ASSIGNED TASK |
Starting at the line that contains "Five Adjustable Blade", write out each line exactly through the last one in the material below, and nothing more; omit all pictures.
⟨
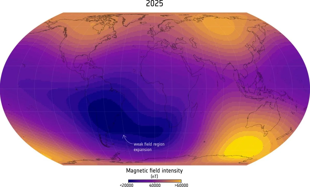 Особливу увагу привернула Південноатлантична аномалія — зона ослабленого магнітного поля. З 2014 року вона розширилася майже на половину площі континентальної Європи. У цьому регіоні супутники зазнають підвищеного радіаційного навантаження. Це створює ризики для космічних технологій.
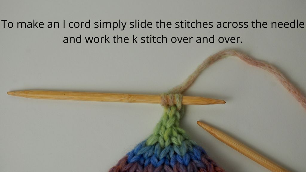 We are now going to create an I cord. With the double pointed needle, (k2tog) three times, thus leaving 3 stitches on your needle.
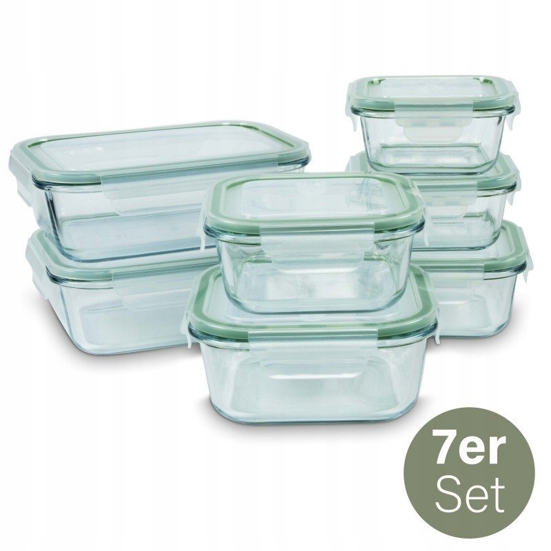 Набір прозорих скляних контейнерів з герметичним закриттям для зберігання їжі. Набір був виготовлений повністю з високоякісного пластику, стійкого до температури в діапазоні від -40 до +400 ° С.
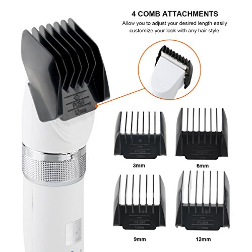 Five Adjustable Blade + Four Guide Combs: Use guide combs or adjust the blade when you need to control hair lengths. (0.8-1.1-1.4-1.7-2.0mm adjustable blade and 3-6-9-12mm combs for more styles) allow you to customize your look with any hairstyle you want
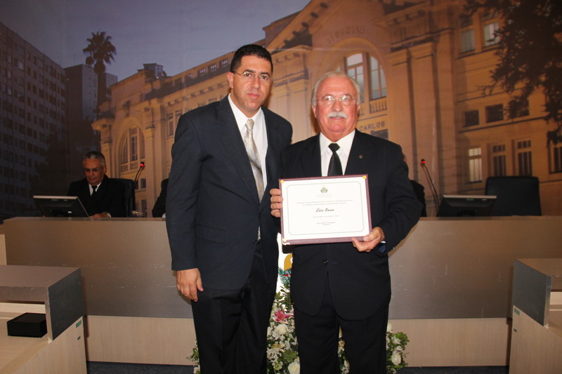 Ver. Flávio Henrique Faria(à esq.) entrega diploma ao homenageado, Sr. Édio Basso
⟩
RESULT |
 Five Adjustable Blade + Four Guide Combs: Use guide combs or adjust the blade when you need to control hair lengths. (0.8-1.1-1.4-1.7-2.0mm adjustable blade and 3-6-9-12mm combs for more styles) allow you to customize your look with any hairstyle you want
 Ver. Flávio Henrique Faria(à esq.) entrega diploma ao homenageado, Sr. Édio Basso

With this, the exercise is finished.